Top of DATA TO USE

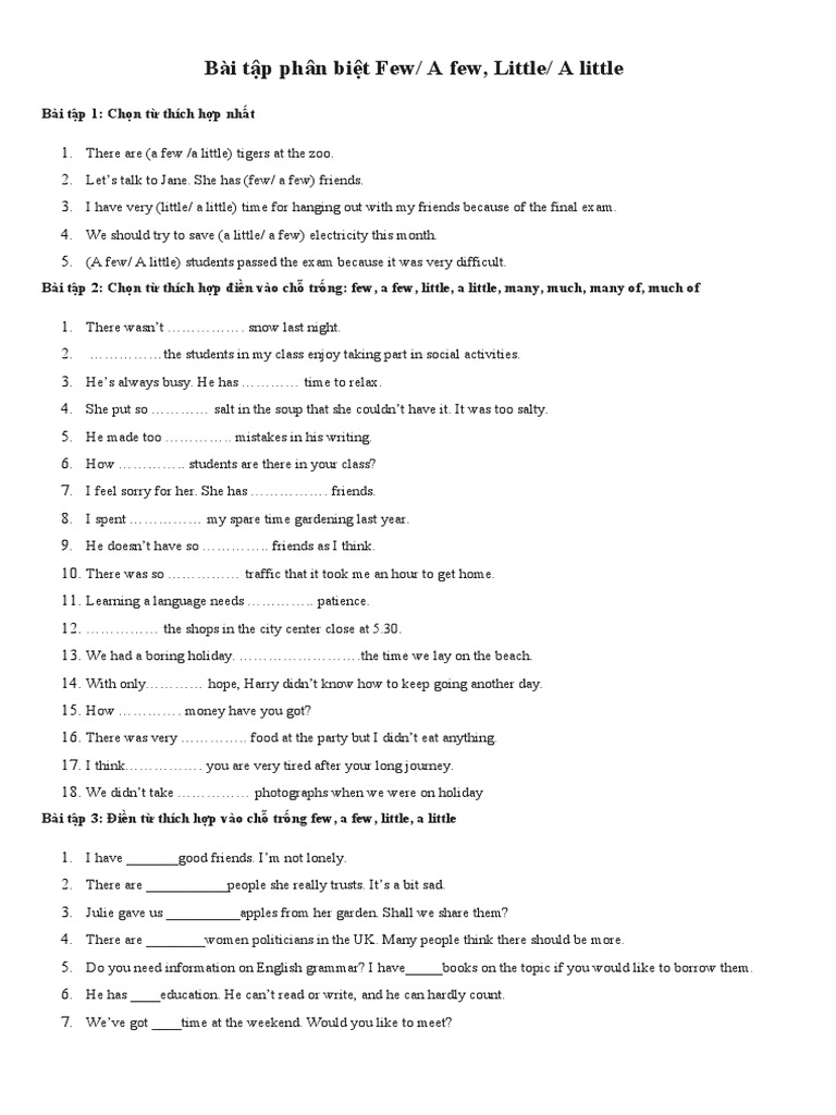 A Few và A Little là hai từ được sử dụng phổ biến trong tiếng Anh để chỉ số lượng nhỏ, tuy nhiên chúng có cách dùng khác nhau và dễ gây nhầm lẫn cho học sinh. Việc phân biệt…
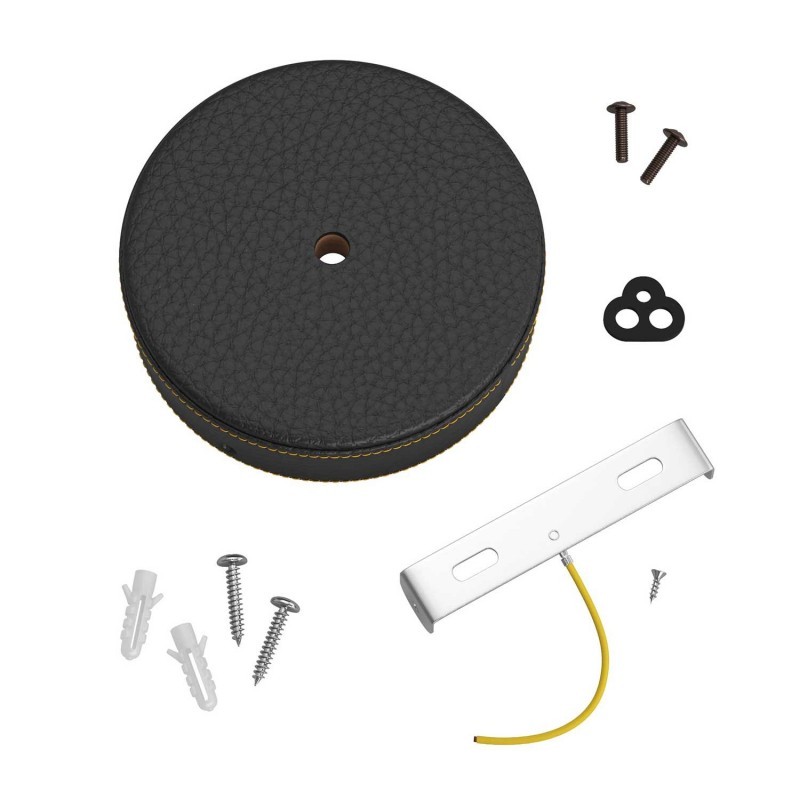 Kožna drvena stropna rozeta s priborom za montažu koristi se za sastavljanje zidne ili stropne lampe ili lustera s bilo kojim okruglim ili pletenim tekstilnim kabelom.
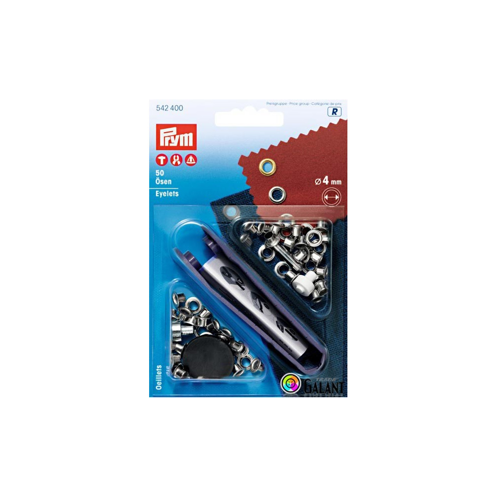 These brass eyelets without washers, 4 mm in diameter, are ideal for use in the textile and leather industries. The package contains 50 pieces on a card along with necessary accessories, including a punching tool that facilitates their application. For installation, you can use the included tool and hammer or Vario 390900 pliers or tripod 673130. This product is supplied by the renowned brand Prym and is suitable for a wide range of applications.
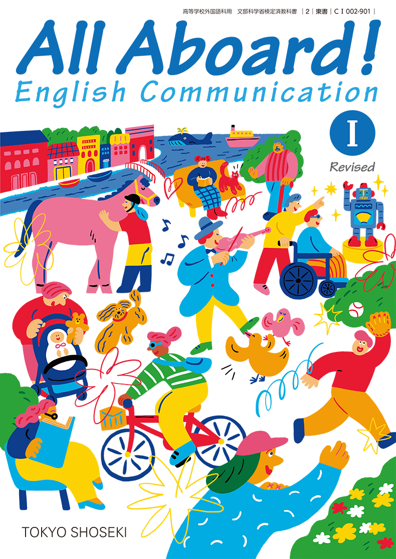 目まぐるしく変化する世界状況の中で、英語教育においては今、「地球市民を目指す学び」が求められています。その理由は、現在の世界において、より相互協力の必要性が高まり、平和的、かつ民主的で持続可能な社会の重要性が増しているからです。この地球市民教育の前提として、学習者が自分たちの地域の問題から世界の問題へと目を向け、その解決に向けて積極的な役割を担うことが求められています。身の回りの日常から、より広い世界へと探求する学び。英語の学びにおいても、このように教科書から「教室の向こう側の世界」へとつながる視点が必要となっています。新しいAll Aboard!もこの視点をもち、積極的に学習者を応援したいと願っています。
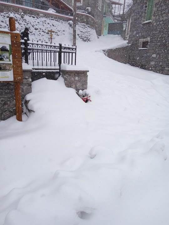 Το πρωί της Δευτέρας περίπου 50 άτομα που είχαν διαμείνει το Σαββατοκύριακο στο οικοτουριστικό χωριό «Έναγρον» κοντά στην Αξό, αποκλείστηκαν από τους μεγάλους όγκους χιονιού που είχε καλύψει τον δρόμο προς τις εγκαταστάσεις του κτήματος.
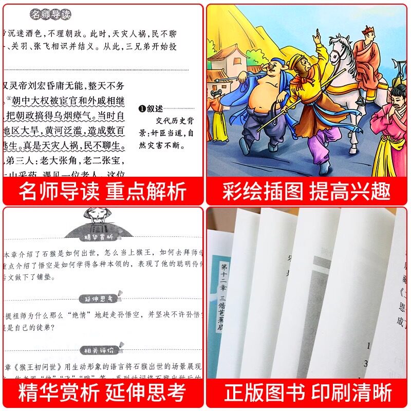 《四大名著》小学生版专为青少年读者精心改编,保留原著精华,语言通俗易懂,配以精美插图,适合五年级学生阅读。本套书包括《三国演义》《西游记》《红楼梦》《水浒传》,内容忠于原著,删减复杂情节,突出人物性格与经典故事,如“桃园结义”“三打白骨精”“黛玉葬花”“武松打虎”等,激发孩子阅读兴趣。作为教育部推荐课外读物,本套书有助于提升语文素养,培养传统文化认知与思辨能力。正版印制,纸张环保,字号适中,保护视力。是老师推荐、家长信赖的经典读物,助力孩子假期与下学期课外阅读,开启智慧人生。
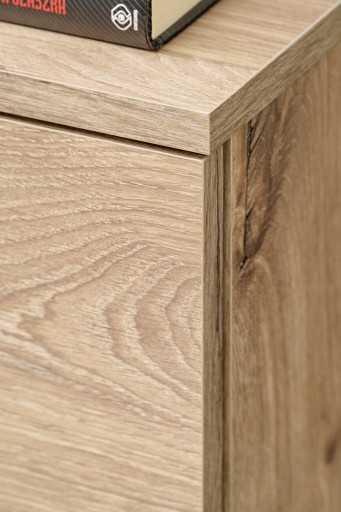 Połączenie ciepłego Dębu Viking z eleganckim Kaszmirem i kontrastującą czarną ramką witryny wprowadza wyjątkową estetykę do każdego wnętrza. Wbudowane oświetlenie LED tworzy nastrojowy klimat i podkreśla eksponowane elementy. To mebel, który wprowadza do wnętrza harmonię i styl, a przy tym oferuje wygodę codziennego użytkowania.
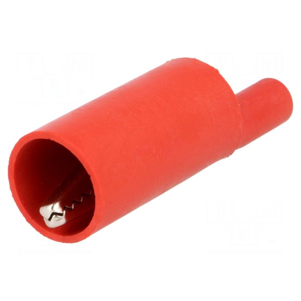 Zacisk krokodylkowy 10A, gniazdo 4mm, kolor czerwony

Bottom of DATA TO USE

YOUR GOAL — Pictures excluded, give again exactly and only the lines of the material above from the line with "目まぐるしく変化する世界状況" through the line with "Το πρωί της".

TASK SOLUTION —
 目まぐるしく変化する世界状況の中で、英語教育においては今、「地球市民を目指す学び」が求められています。その理由は、現在の世界において、より相互協力の必要性が高まり、平和的、かつ民主的で持続可能な社会の重要性が増しているからです。この地球市民教育の前提として、学習者が自分たちの地域の問題から世界の問題へと目を向け、その解決に向けて積極的な役割を担うことが求められています。身の回りの日常から、より広い世界へと探求する学び。英語の学びにおいても、このように教科書から「教室の向こう側の世界」へとつながる視点が必要となっています。新しいAll Aboard!もこの視点をもち、積極的に学習者を応援したいと願っています。
 Το πρωί της Δευτέρας περίπου 50 άτομα που είχαν διαμείνει το Σαββατοκύριακο στο οικοτουριστικό χωριό «Έναγρον» κοντά στην Αξό, αποκλείστηκαν από τους μεγάλους όγκους χιονιού που είχε καλύψει τον δρόμο προς τις εγκαταστάσεις του κτήματος.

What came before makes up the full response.